───── DATA EXCERPT

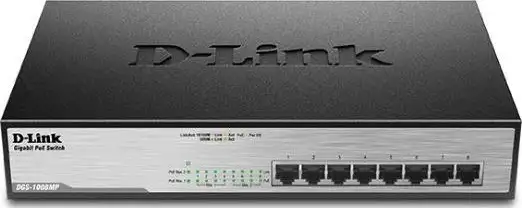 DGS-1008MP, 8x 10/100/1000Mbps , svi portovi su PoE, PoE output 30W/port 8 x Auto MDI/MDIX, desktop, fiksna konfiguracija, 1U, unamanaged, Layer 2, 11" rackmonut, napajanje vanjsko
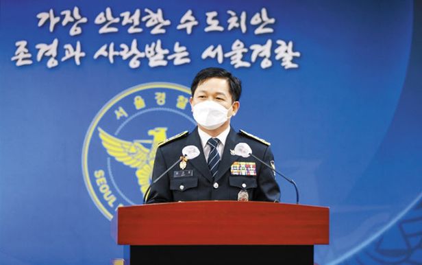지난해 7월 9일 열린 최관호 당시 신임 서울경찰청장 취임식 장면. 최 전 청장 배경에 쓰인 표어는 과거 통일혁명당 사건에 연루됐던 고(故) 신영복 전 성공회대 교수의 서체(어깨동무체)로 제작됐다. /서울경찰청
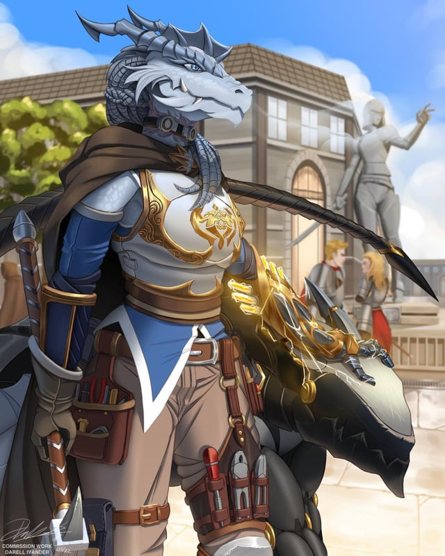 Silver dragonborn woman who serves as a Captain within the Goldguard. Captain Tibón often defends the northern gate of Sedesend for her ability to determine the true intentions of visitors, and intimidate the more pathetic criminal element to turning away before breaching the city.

──────────

--- TASK REQUIREMENTS ---
Output the data exactly as it is, with the pictures dropped.

--- SOLUTION FOR THIS PROBLEM ---
 DGS-1008MP, 8x 10/100/1000Mbps , svi portovi su PoE, PoE output 30W/port 8 x Auto MDI/MDIX, desktop, fiksna konfiguracija, 1U, unamanaged, Layer 2, 11" rackmonut, napajanje vanjsko
지난해 7월 9일 열린 최관호 당시 신임 서울경찰청장 취임식 장면. 최 전 청장 배경에 쓰인 표어는 과거 통일혁명당 사건에 연루됐던 고(故) 신영복 전 성공회대 교수의 서체(어깨동무체)로 제작됐다. /서울경찰청
 Silver dragonborn woman who serves as a Captain within the Goldguard. Captain Tibón often defends the northern gate of Sedesend for her ability to determine the true intentions of visitors, and intimidate the more pathetic criminal element to turning away before breaching the city.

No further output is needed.